Concept Intermediate · 3 min read

What is continuous batching in LLM serving

Q: What is continuous batching in LLM serving

Continuous batching in LLM serving is a technique that dynamically groups incoming inference requests into batches in real time to maximize GPU utilization and reduce latency. It continuously collects requests until a batch is full or a timeout occurs, then processes them together with a single model call.

Quick answer

Continuous batching in LLM serving is a technique that dynamically groups incoming inference requests into batches in real time to maximize GPU utilization and reduce latency. It continuously collects requests until a batch is full or a timeout occurs, then processes them together with a single model call.

Continuous batching is a dynamic request grouping technique in LLM serving that batches incoming inference calls on the fly to optimize throughput and latency.

How it works

Continuous batching works by collecting incoming LLM inference requests as they arrive and grouping them into batches without waiting for a fixed batch size or fixed time window. Imagine a grocery store checkout where customers arrive randomly; instead of serving each customer individually, the cashier waits briefly to group several customers' items into one transaction to speed up processing. Similarly, continuous batching accumulates requests until either a maximum batch size is reached or a short timeout expires, then sends the batch to the model for inference.
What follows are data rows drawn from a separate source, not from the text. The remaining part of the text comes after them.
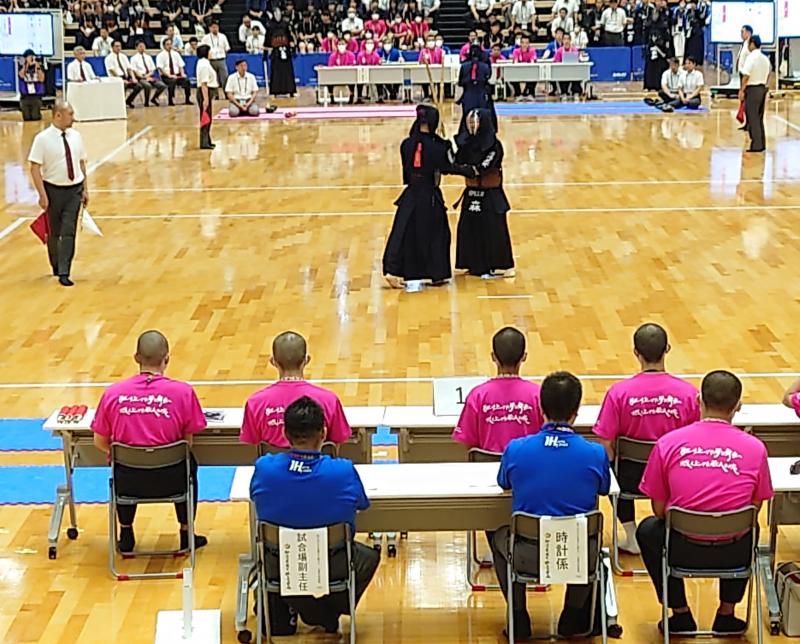 6日は個人準々決勝が行われ、九州学院(熊本)の森選手に対して先行のドを決めましたが相手にも取られ、延長戦30分近くの激闘を繰り広げましたが個人ベスト8になりました。本校森主将は優秀選手に選出され、表彰式で受賞されました。暑くて長い日程の中選手たちは普段の練習が功を奏し体調を崩すことなく頑張り続けました。来年はこの雪辱を晴らすべく更なる健闘を誓います。応援、ご支援していただいた卒業生、後援者、保護者、職員、関係者の皆様に感謝するとともに更なる飛躍を実現するべく稽古に励みます。ありがとうございました。
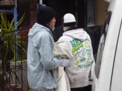 作業初め、塗料を準備するダイさんの横で、竹内さんとカズさんが門のあたりに布シートを掛け始めました。
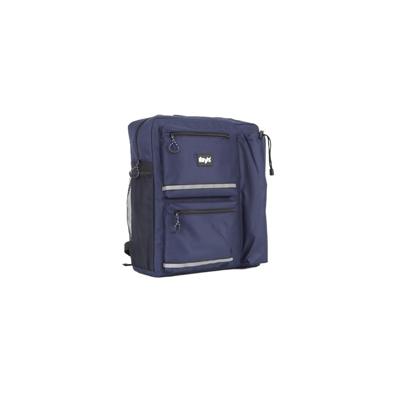 This Scooter bag is highly padded in all pockets and throughout the main compartment to help ensure the safety of your belongings. The bag itself is made from hard-wearing waterproof material and features 3 large exterior pockets, two for belongings and a third pocket with drawstring for a folding walking stick or an umbrella. The Deluxe Scooter Bag also features an Internal clear zipped pouch for wallet storage, reflective strips to increase safety on the streets or roads and a rubberised top handle for extra comfort when transporting the bag. The bag straps can be easily adjusted to sit securely and safety attached to the back of a scooter chair. Extra large storage capacity of 27 litres. Size 400x450x140mm (16x18x5?").
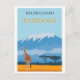¡A cualquiera le encantaría recibir esta postal africana de viaje con un ilustracion retro de una jirafa y el Monte Kilimanjaro en Tanzania, África!
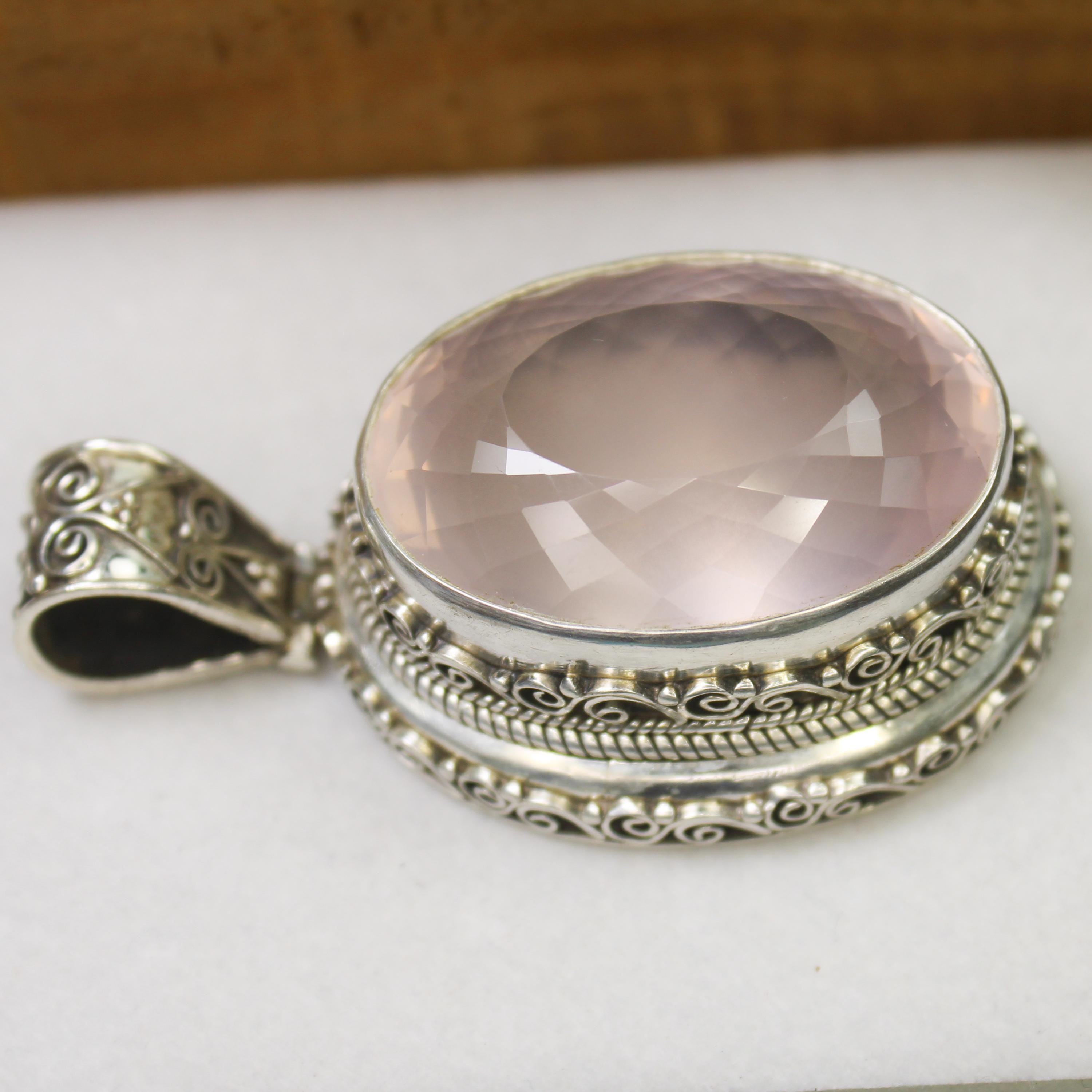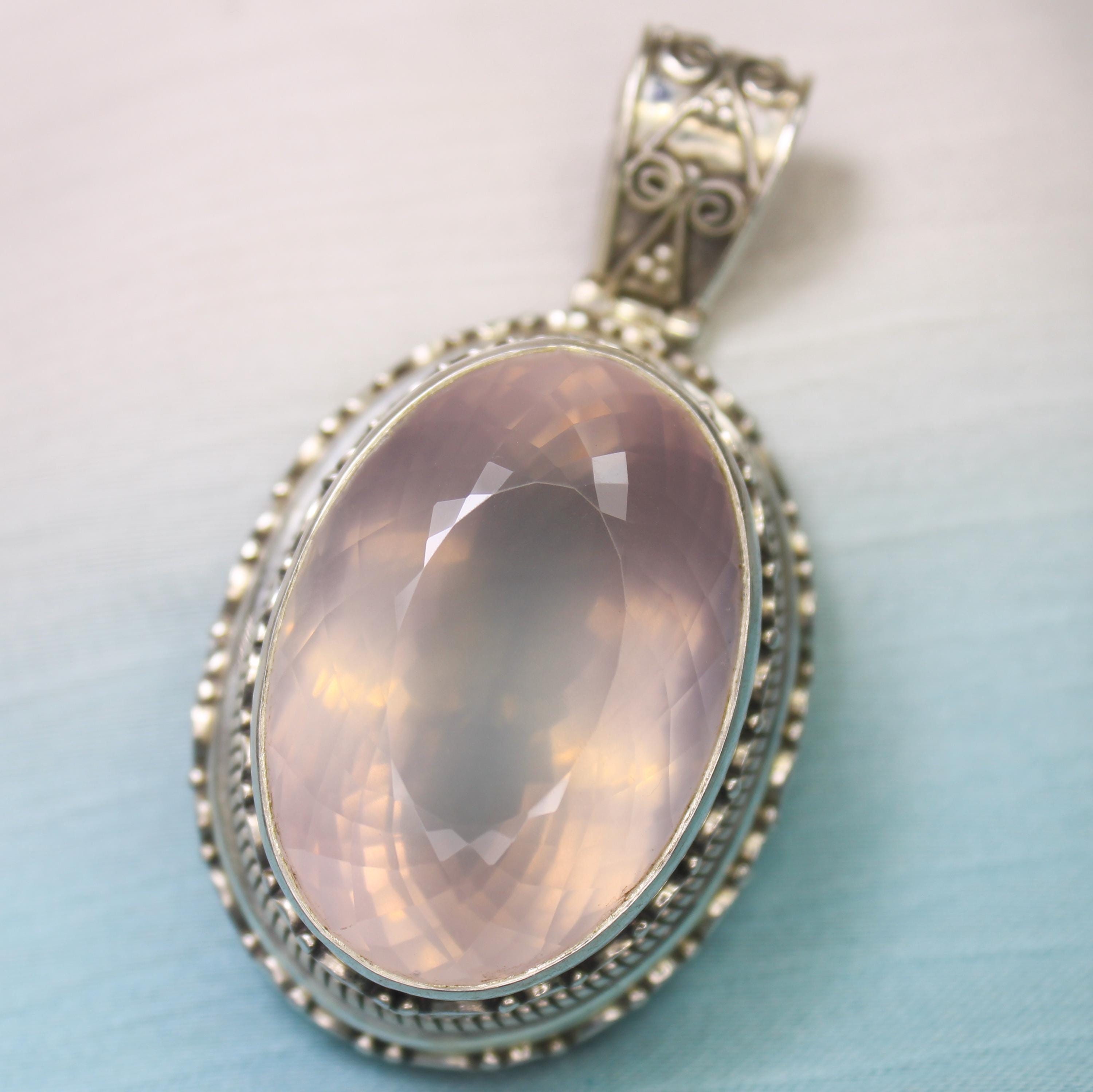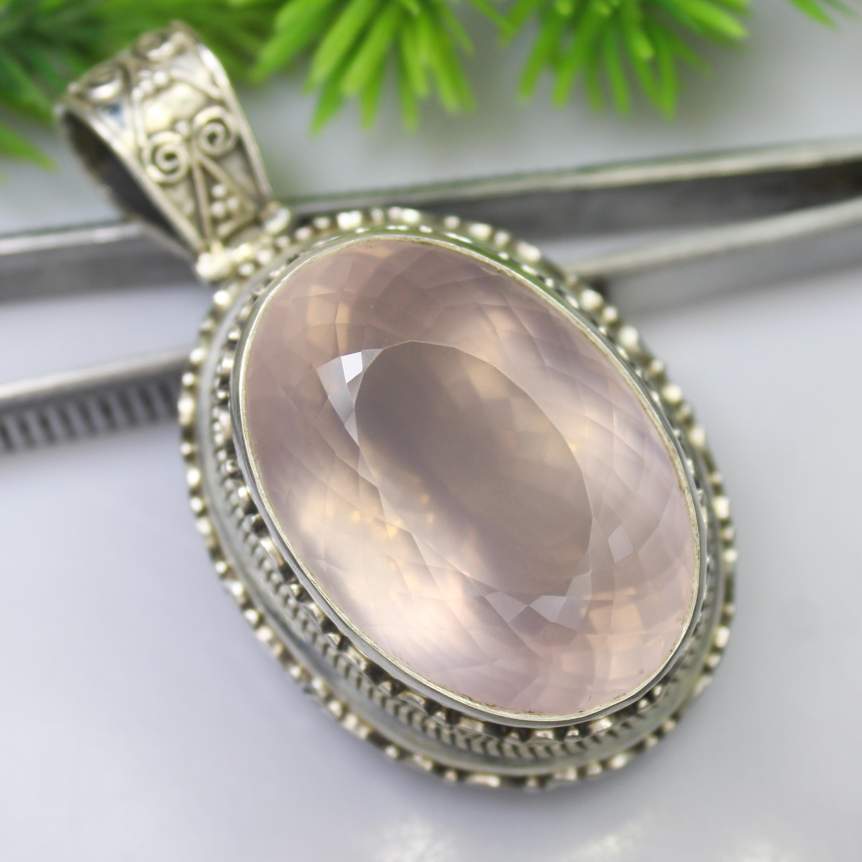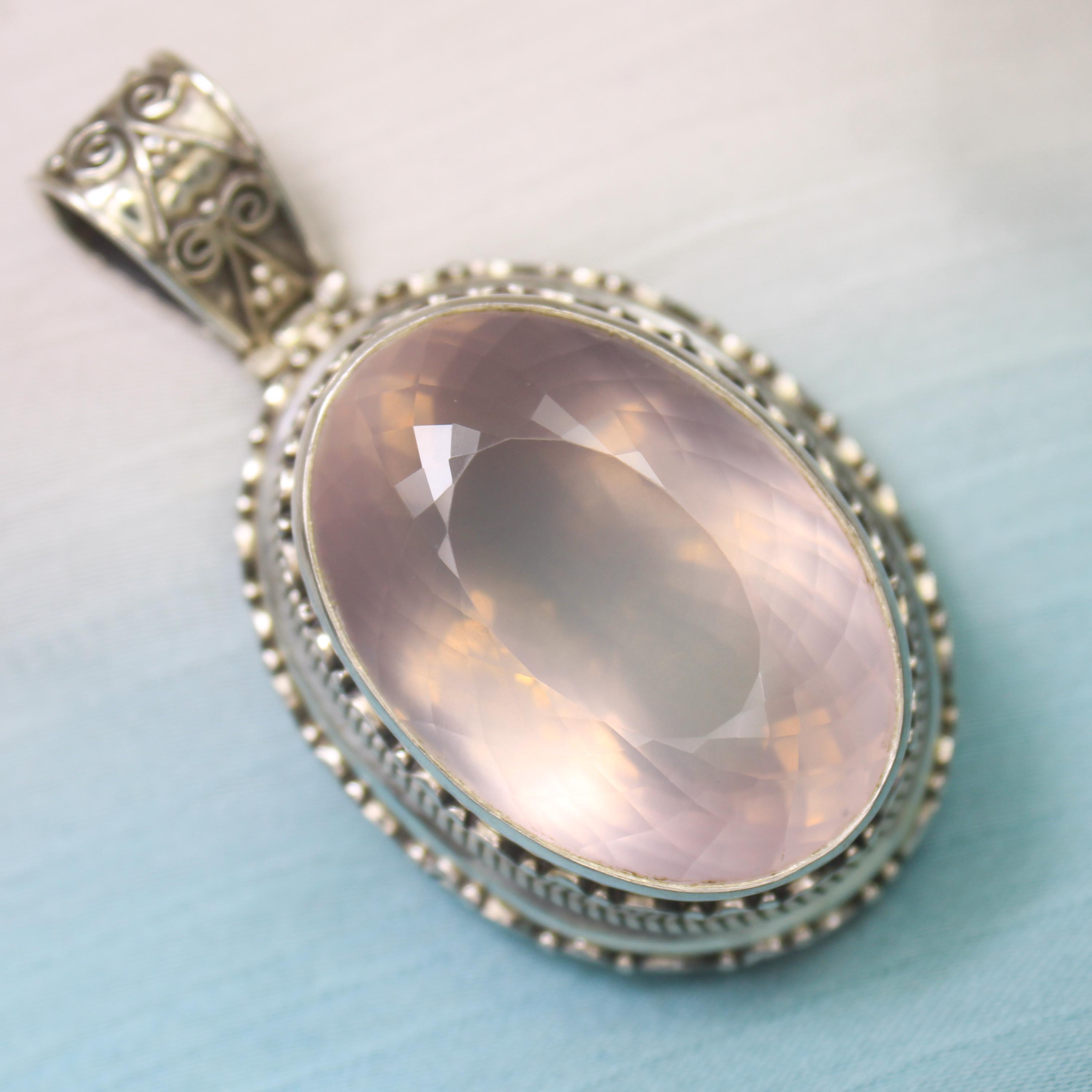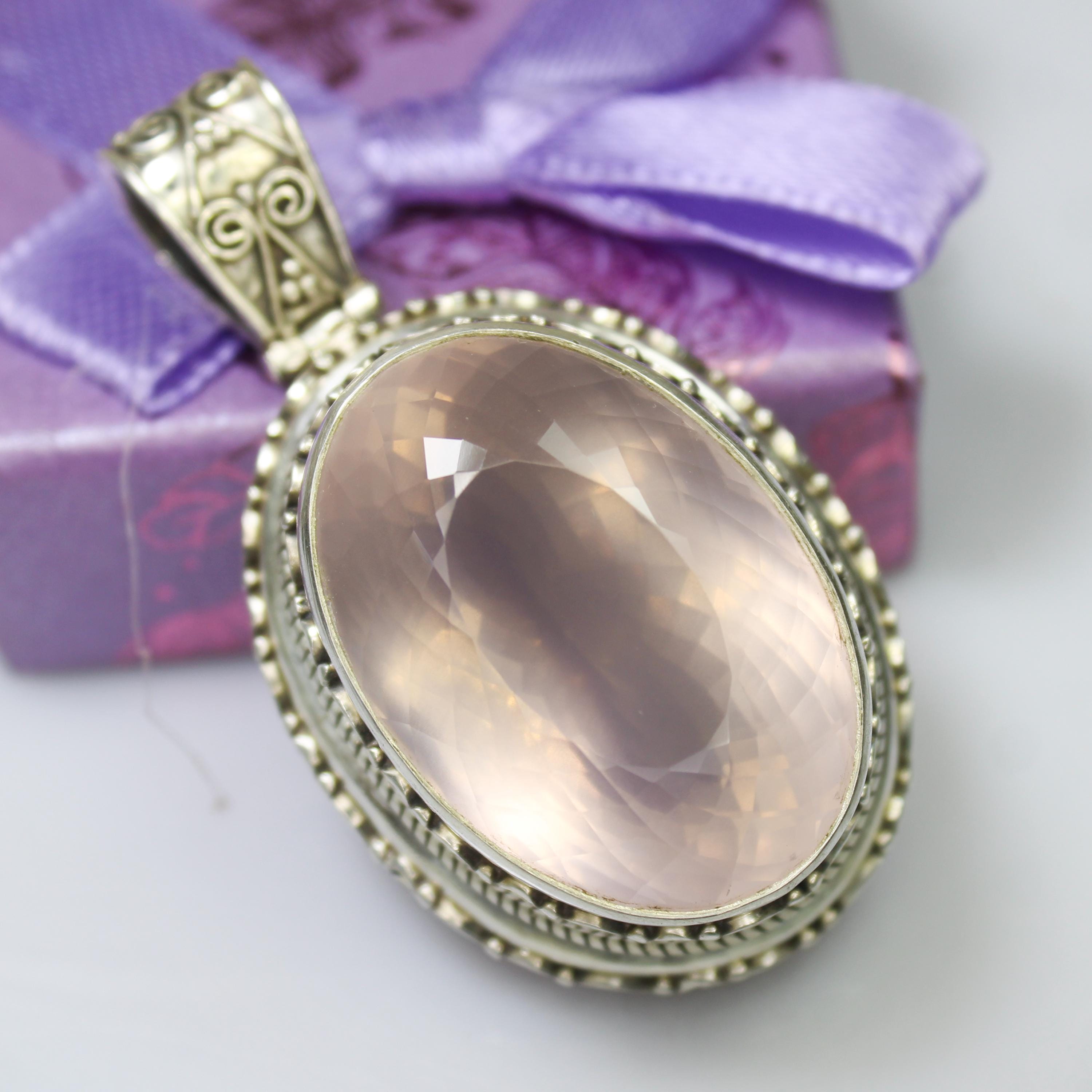NATURAL PINK ROSE QUARTZ PENDANT WITH STERLING SILVER
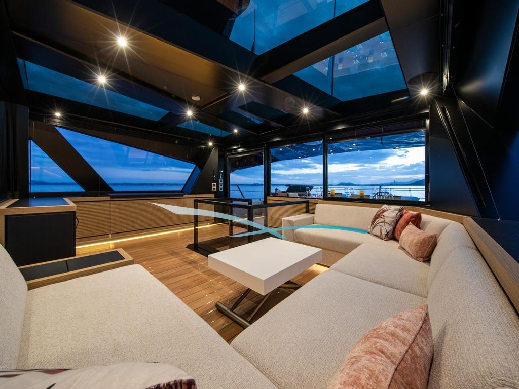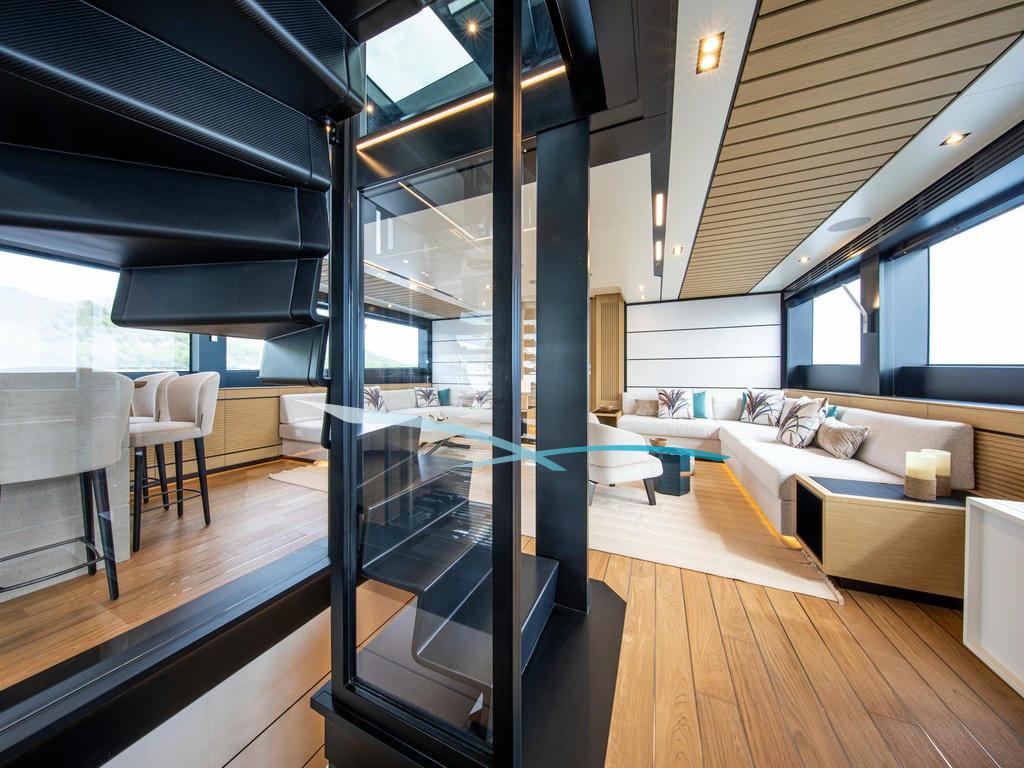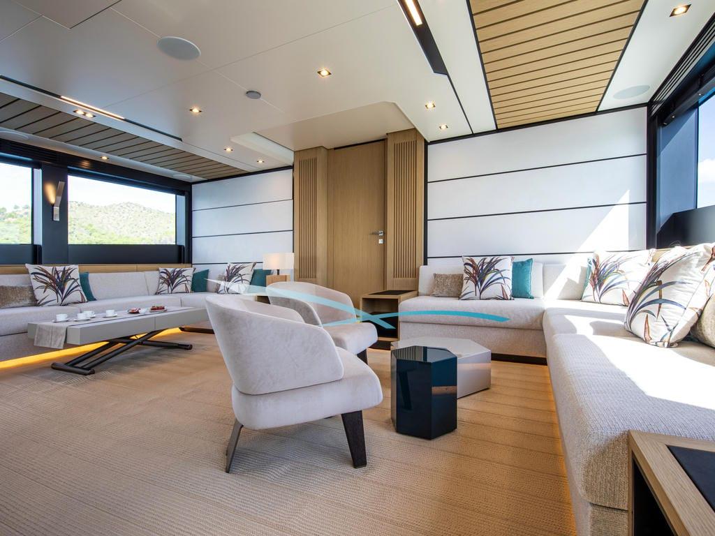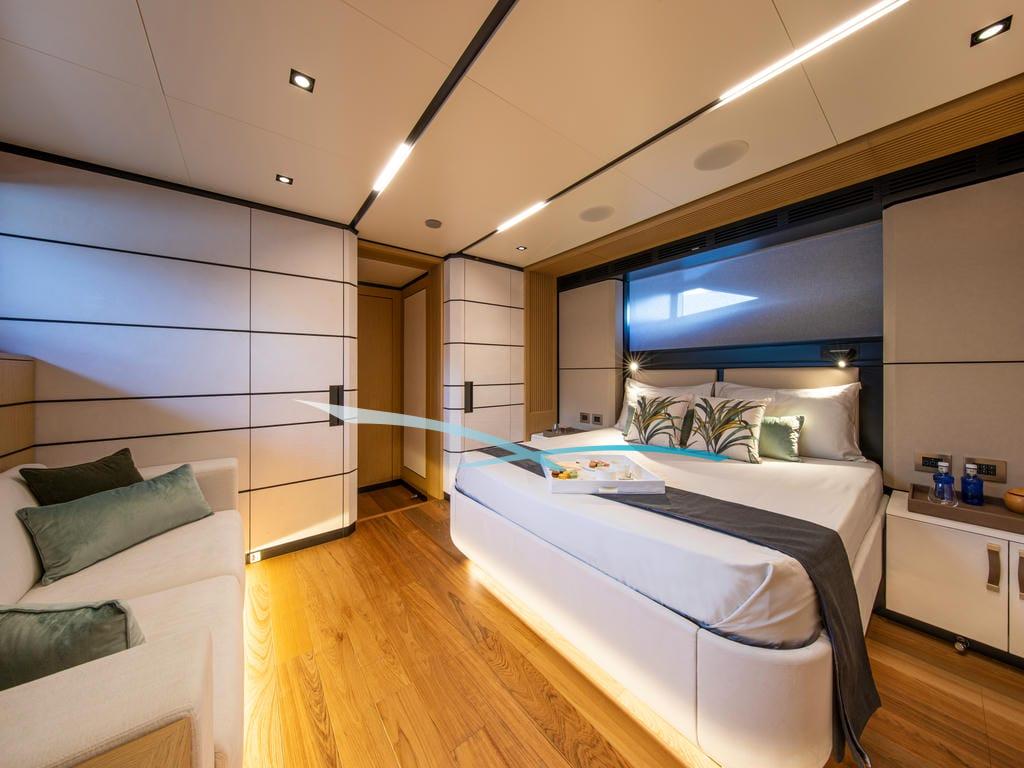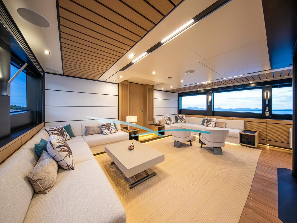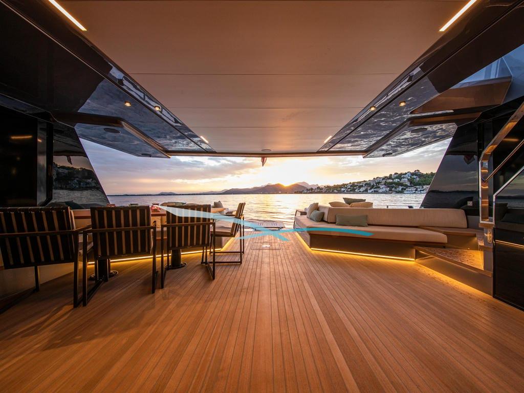 Die Yacht integriert nahtlos die Technologie mit einem fortschrittlichen Infotainmentsystem. Akustischer Komfort wird groß geschrieben, und die Stabilität wird durch elektrohydraulische Stabilisierungsflossen gewährleistet. Die Sicherheit wird durch Unterwasser- und Bugbeleuchtung erhöht.

This approach balances latency (not waiting too long) and throughput (maximizing GPU efficiency).

Concrete example

Here is a simplified Python example illustrating continuous batching logic for LLM serving:

python

import time
import threading
import queue

class ContinuousBatcher:
    def __init__(self, max_batch_size=8, max_wait_time=0.05):
        self.max_batch_size = max_batch_size
        self.max_wait_time = max_wait_time  # seconds
        self.request_queue = queue.Queue()
        self.batch_lock = threading.Lock()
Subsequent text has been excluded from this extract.